> _About this exercise_
Reproduce the lines below exactly, from the one containing "Trong hướng dẫn ATA 2015" through the one containing "The Kelley Washington", both included. Leave out any pictures.

> _Extracted material_
....

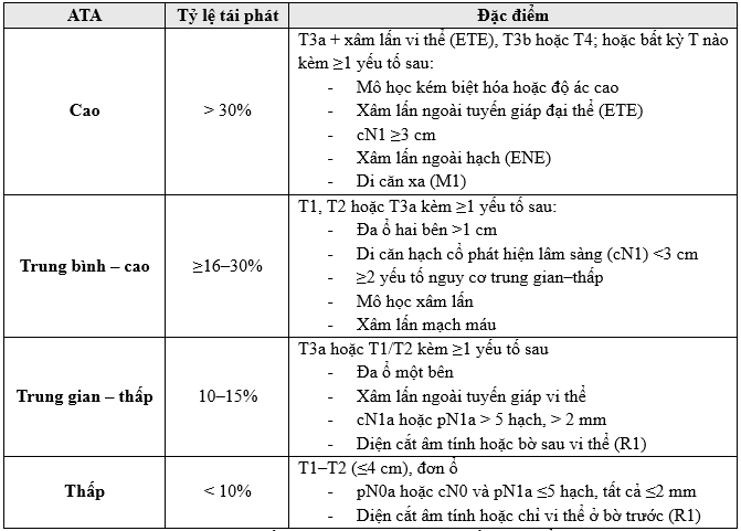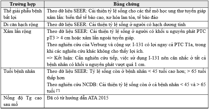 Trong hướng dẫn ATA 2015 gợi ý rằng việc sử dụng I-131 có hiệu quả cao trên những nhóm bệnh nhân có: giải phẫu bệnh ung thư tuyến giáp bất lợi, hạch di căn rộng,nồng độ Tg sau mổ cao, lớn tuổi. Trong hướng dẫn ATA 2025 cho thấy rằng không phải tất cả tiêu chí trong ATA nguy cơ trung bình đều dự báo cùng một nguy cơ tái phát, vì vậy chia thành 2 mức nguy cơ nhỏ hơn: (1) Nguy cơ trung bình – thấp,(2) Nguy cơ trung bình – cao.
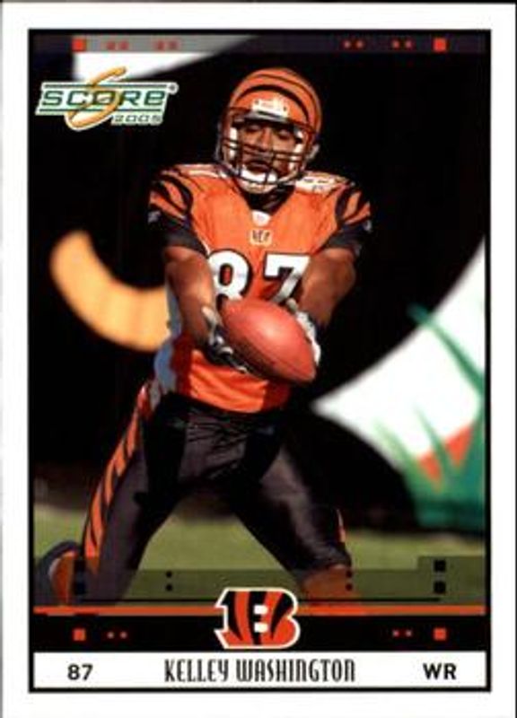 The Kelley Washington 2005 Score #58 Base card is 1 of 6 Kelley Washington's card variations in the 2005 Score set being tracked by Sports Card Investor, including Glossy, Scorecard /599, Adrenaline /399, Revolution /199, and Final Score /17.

....

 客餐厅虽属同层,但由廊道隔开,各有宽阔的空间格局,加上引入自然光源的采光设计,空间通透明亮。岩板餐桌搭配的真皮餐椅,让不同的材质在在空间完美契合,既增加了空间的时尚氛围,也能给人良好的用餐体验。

....

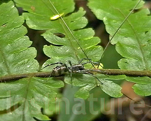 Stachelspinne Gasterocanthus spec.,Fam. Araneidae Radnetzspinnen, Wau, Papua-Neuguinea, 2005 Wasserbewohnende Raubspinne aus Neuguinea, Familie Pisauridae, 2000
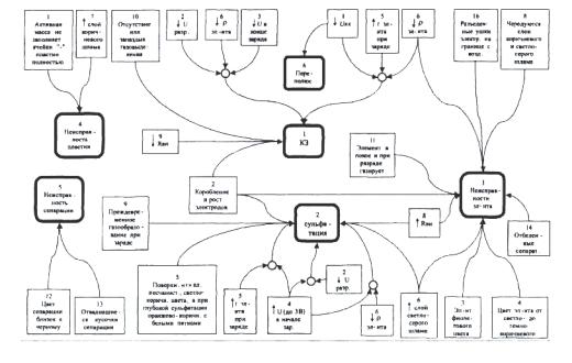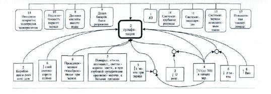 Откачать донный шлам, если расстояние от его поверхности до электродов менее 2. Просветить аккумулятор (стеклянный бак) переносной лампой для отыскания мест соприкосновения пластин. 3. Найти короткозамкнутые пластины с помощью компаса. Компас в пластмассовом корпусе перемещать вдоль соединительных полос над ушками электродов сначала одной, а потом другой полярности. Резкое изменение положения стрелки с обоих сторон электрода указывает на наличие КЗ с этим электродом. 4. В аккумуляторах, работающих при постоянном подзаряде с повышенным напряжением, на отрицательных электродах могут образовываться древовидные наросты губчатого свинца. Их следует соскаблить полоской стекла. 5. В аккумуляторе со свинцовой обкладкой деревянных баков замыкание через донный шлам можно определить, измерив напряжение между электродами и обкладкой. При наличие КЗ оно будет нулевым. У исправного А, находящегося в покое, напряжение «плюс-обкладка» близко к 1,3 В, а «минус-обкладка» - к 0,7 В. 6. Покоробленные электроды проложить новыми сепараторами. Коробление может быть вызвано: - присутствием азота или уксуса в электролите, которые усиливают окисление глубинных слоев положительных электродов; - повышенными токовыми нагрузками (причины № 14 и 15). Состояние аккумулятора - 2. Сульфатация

....

> _Task output_
 Trong hướng dẫn ATA 2015 gợi ý rằng việc sử dụng I-131 có hiệu quả cao trên những nhóm bệnh nhân có: giải phẫu bệnh ung thư tuyến giáp bất lợi, hạch di căn rộng,nồng độ Tg sau mổ cao, lớn tuổi. Trong hướng dẫn ATA 2025 cho thấy rằng không phải tất cả tiêu chí trong ATA nguy cơ trung bình đều dự báo cùng một nguy cơ tái phát, vì vậy chia thành 2 mức nguy cơ nhỏ hơn: (1) Nguy cơ trung bình – thấp,(2) Nguy cơ trung bình – cao.
 The Kelley Washington 2005 Score #58 Base card is 1 of 6 Kelley Washington's card variations in the 2005 Score set being tracked by Sports Card Investor, including Glossy, Scorecard /599, Adrenaline /399, Revolution /199, and Final Score /17.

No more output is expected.